Like an insect's antennae, filapodia are the fingerlike projections sent out by a developing nerve cell to detect environmental cues. Scientists at the University of California at San Diego have discovered how the filapodia communicate with the main body of the cell: through a kind of biological Morse code.
In a paper in the March 8 issue of Science, the researchers show how the fingertips of the cell sample the environment and generate tiny bursts of calcium that send back information to the "growth cone" -- the cell body -- and enable it to direct growth in the right direction. Neurons are then able to wire up connections in the brain, spinal cord and other parts of the developing embryo.
"Many kinds of birth defects and a large fraction of spinal cord defects appear to be associated with problems in the formation of nerve connections in the developing embryo," said Nicholas Spitzer, a professor of biology at UCSD. "We want to understand how the normal brain is put together, so we can understand the cases in which it is not put together correctly."
"These bursts, which only occur at the very ends of the filapodia, are extremely brief, about a 300-microsecond pulse, which may explain why they were undetected in earlier studies," said Timothy Gomez, who conducted the research when he was a postdoctoral fellow in Spitzer's laboratory.
"Since many other types of cells have these fingerlike projections, we believe that these brief calcium bursts may be a universal signaling mechanism for all motile, or moving cells, including immune, epithelial and metastatic cells."

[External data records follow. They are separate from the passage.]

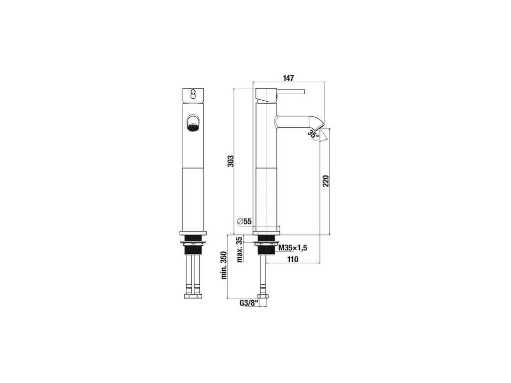 Série koupelnových baterií Mio Style patří mezi oblíbenou řadu díky elegantním tvarům a jednoduchým pákovým ovládáním. Umyvadlová stojánková baterie s výškou 220 mm je určena pro umyvadlové mísy. Obsahuje velmi kvalitní keramickou kartuš (Ø 35 mm) a úsporný perlátor Neoperl s průtokem 5l/min. Perlátor je vyrobený ze speciálního materiálu proti usazování vodního kamene. Další výhodou vodovodní baterie jsou přepínače tj. klapka proti zpětnému nasátí znečištěné vody a funkce Cold Start, což znamená, že otevřením páky baterie ve střední poloze začne proudit studená voda. Baterie se dodává bez výpusti.
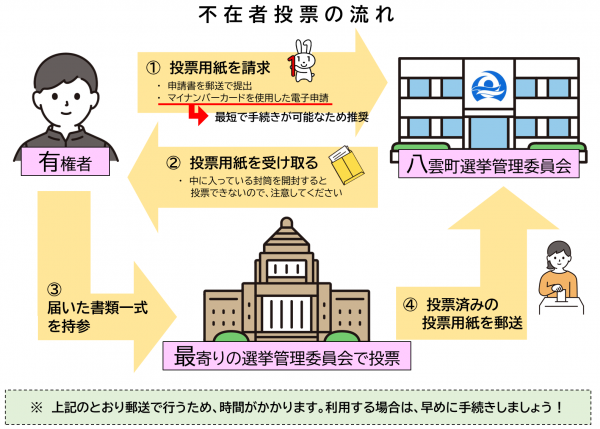 出張などで八雲町外へ滞在しているため投票日当日に投票所に行けない方で、期日前投票をすることも困難な場合は、マイナンバーカードを活用したオンライン請求または請求書兼宣誓書をダウンロードし八雲町選挙管理委員会へ請求するなどの方法により、「不在者投票宣誓書兼請求書」に、滞在している住所(投票用紙の送付先)、八雲町の住所、氏名、生年月日を記入し、八雲町選挙管理委員会へ送付してください。
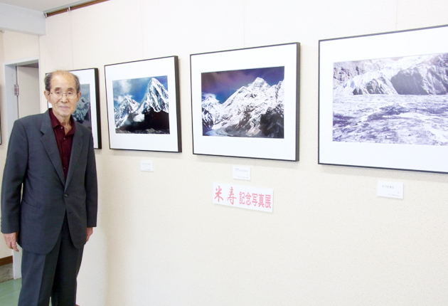 写真展開催中に米寿を迎える白井さ ん(アトリエ辻むらで)
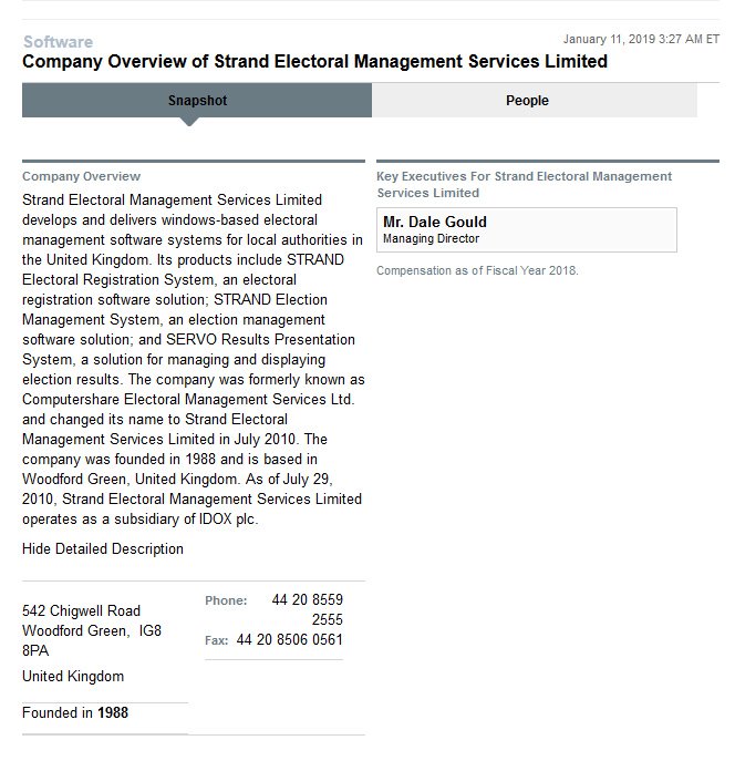 How many votes this private provider handled for the EU Ref? No one knows but Idox, not even the Elec Com as it's each council's private business.
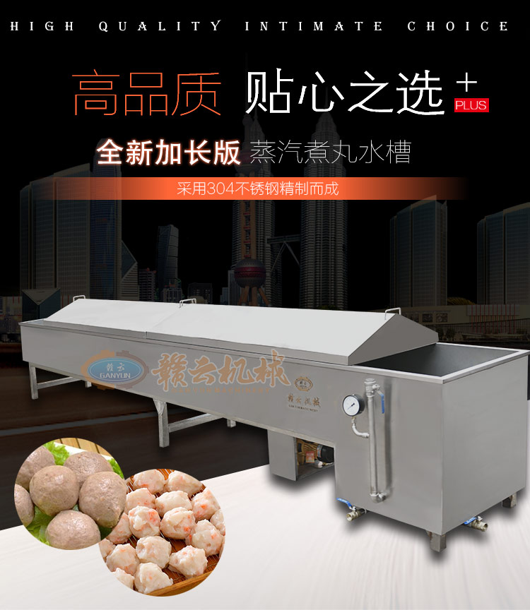 主頁-> 肉丸成型機械->自動煮丸子水槽->5米水煮槽蒸汽款
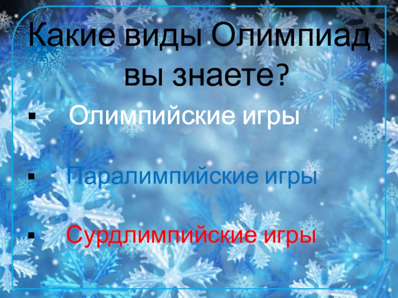 Какие виды Олимпиад вы знаете?   Олимпийские игры   Паралимпийские игры   Сурдлимпийские игры
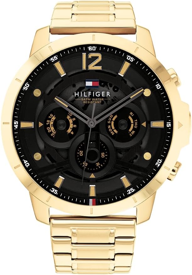 Tommy Hilfiger Analoog multifunctioneel quartz horloge voor mannen met goudkleurige roestvrijstalen armband - 1710511, Zwart, armband
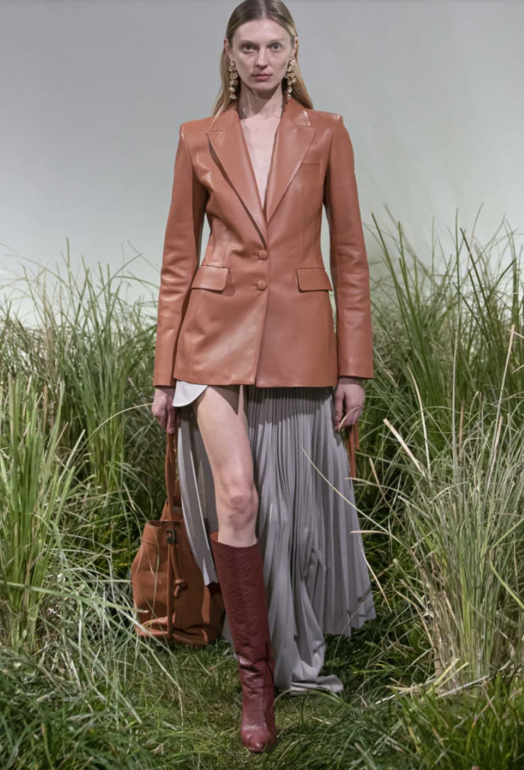 The collection itself was less avant-gardist, but nonetheless memorable. Virgil’s big idea for the coming summer was pleats: as he dreamed up lots of mega plissé dresses, cocktails and skirts – some cut with halter neck; others cut in half verticals; others worn over pants. In all manner of colors – from sinful red to flesh to pale gray. Many of his cast wearing a bandana-scarf in leather; some featuring giant funnel necks, best seen in a great leather blazer. Other ladies appeared in battleship gray or tobacco redingotes with cut outs at the crook of the arm. Along with a divinely well draped beige jersey dress with side holes, of which Halston would have been proud.
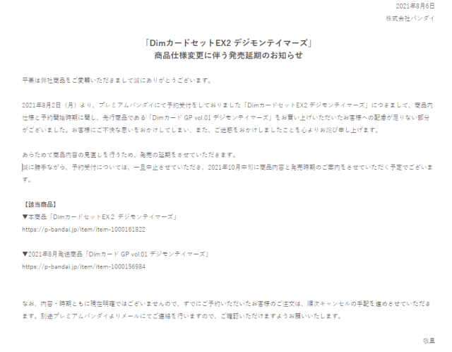 據官方貼文內容表示,由於「Dim Card EX2 Digimon Tamers」卡片進化內容與預購時間並沒有顧及到消費者的感受,故決定將延後發行,並且針對卡片內容再進行調整,預計將在2021年10月中旬才會重新宣布「Dim Card EX2 Digimon Tamers」商品資訊。
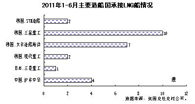 上半年全球成交LNG船26艘,其中,韓國承接21艘,中國4艘和日本1艘。
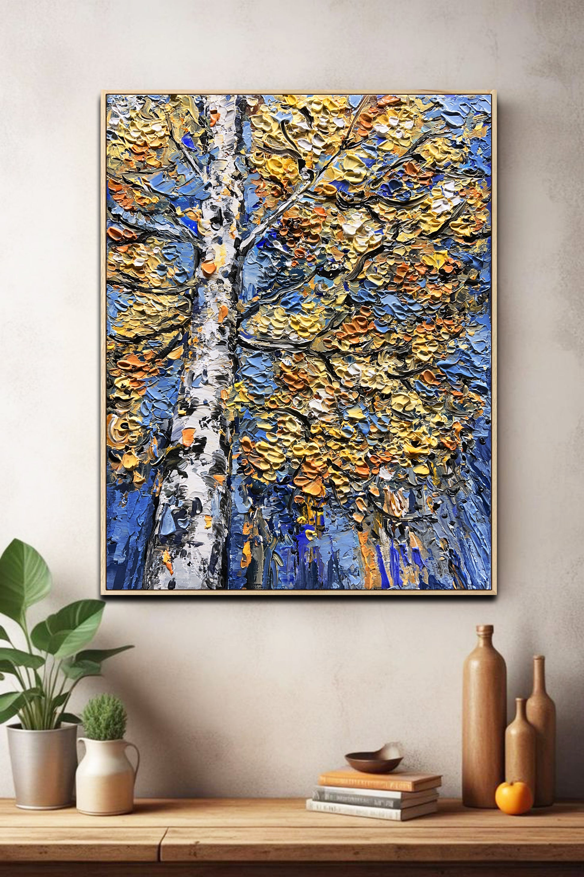 Framed in natural wood, the artwork feels organic and timeless. The wooden frame enhances the warmth of the amber tones and brings a sense of harmony and earthiness to the composition.

Gomez and his colleagues studied frog spinal nerve cells, which are easy to grow in the laboratory. They introduced a fluorescent calcium marker to the cells, and recorded, with a camera attached to a microscope, the rapid bursts of calcium at the tips of the filapodia.
The calcium pulses varied with the chemical environment in the culture dish. They were frequency modulated -- FM pulses, like the information transmitted by an FM radio.
"Just like our fingers on the FM dial on the radio, these cues change the FM dial on the growth cone to produce these highly relevant signals," said Spitzer.